**WHAT YOU ARE ASKED TO DO**
Return only the lines from the one containing "SPARX ELC002 Ceiling Model" to the end of the entries below, exactly as written, both ends included.

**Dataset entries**
■ ■ ■
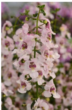
Angelonia Archangel Light Pink

Click Here to Download the full Ball FloraPlant Color Trend Guide (PDF) >>
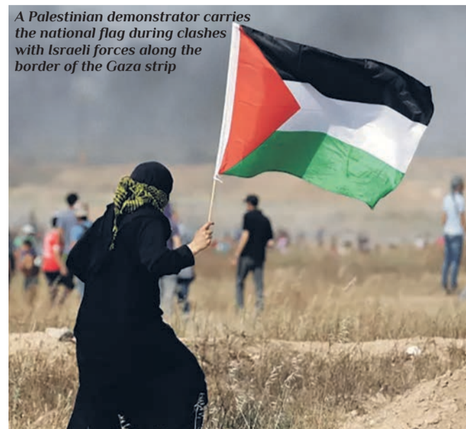
A Palestinian demonstrator carries the national flag during clashes with Israeli forces along the border of the Gaza strip

But Israel cannot be held responsible for the fact that the economic and social conditions are so bad in Gaza. Egypt also has control over the border with Gaza. And it can be argued that the Arab nations in the region which attacked Israel on 15 May 1948 ( Egypt, Syria, Jordan, Iraq and Lebanon ), should be held accountable for the plight of the Palestinian Arabs in Gaza and elsewhere, because it was their aggression ( made worse by the Six Day War in June 1967, which was also triggered by Arab aggression against Israel ) that caused the Palestinian refugee crisis.
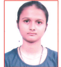
Palsapure Vidhi B.Sc. III
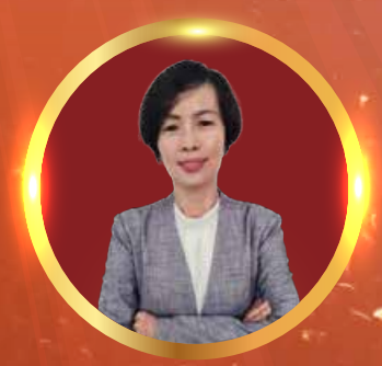
CCA LER SEE TIN / CHIA AH FUU
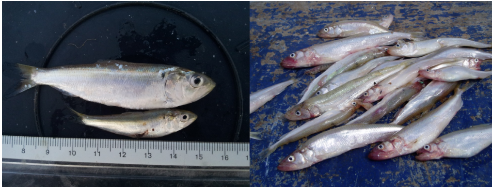
Figure 10. Left (A): Twaité shad ( Alosa fallax ) adult (above) and juvenile (below) caught in the Weser; Right (B): Smelt ( Osmerus eperlanus ) caught in the Weser (Photos: S. Schulze, Bioconsult).
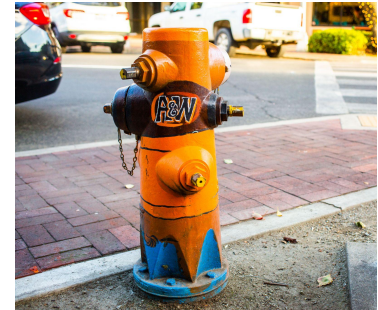
Painted Fire Hydrants
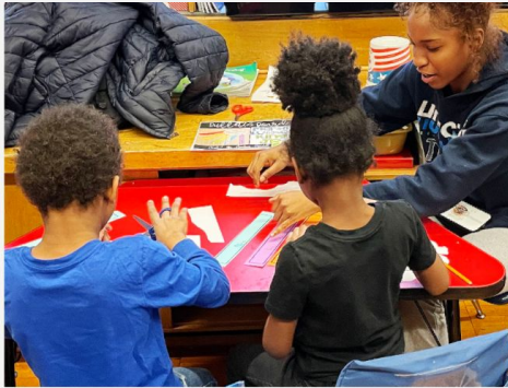
Learning to Teach in Early Childhood
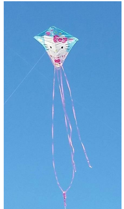
Some Examples of Kites Being Flown
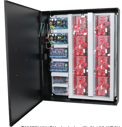
T3M77LXK1DV - includes (2) AL1024XB2V, (2) ACMS8CB, (2) VR6, (2) PDS8CB, wire harnesses and finger duct
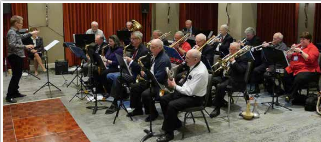
Hal Hazen Memorial Dance Band following the Convention Banquet
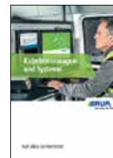
Cable test vans and systems
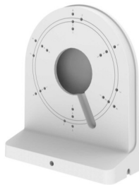
L Bracket IBDLWM-2
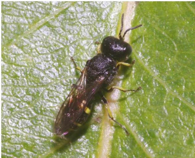
10. Ectemnius rubicola female at Martley on 15.06.2017.

Evagetes crassicornis (Hym; Pompilidae). One female was collected from the low wall at Martley church on 26.09.2017. This rather small spider-hunting wasp is a cuckoo of other pompilids but there are still gaps surrounding the knowledge of this species. It is thought to parasitize Anoplius nigerrimus and/or Arachnospila anceps (BWARS, 2017). Both are considered widespread and common and I have recorded both species from the wall at Martley church on several occasions. It is always particularly satisfying to capture a decent image of a spider-hunting wasp and collect it for correct identification later as they move very rapidly and erratically through often dense vegetation close to the ground.
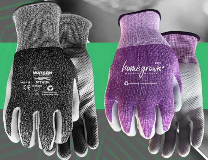
#375 KARMA ♀
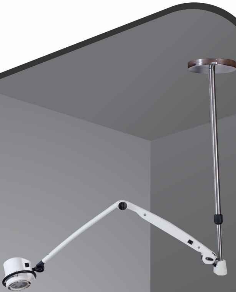
SPARX ELC002 Ceiling Model

SPACE SAVING 360 DEGREE ROTATION OF DOME COOL LIGHT HEIGHT ADJUSTABLE
■ ■ ■
**PROBLEM SOLUTION**
SPARX ELC002 Ceiling Model

SPACE SAVING 360 DEGREE ROTATION OF DOME COOL LIGHT HEIGHT ADJUSTABLE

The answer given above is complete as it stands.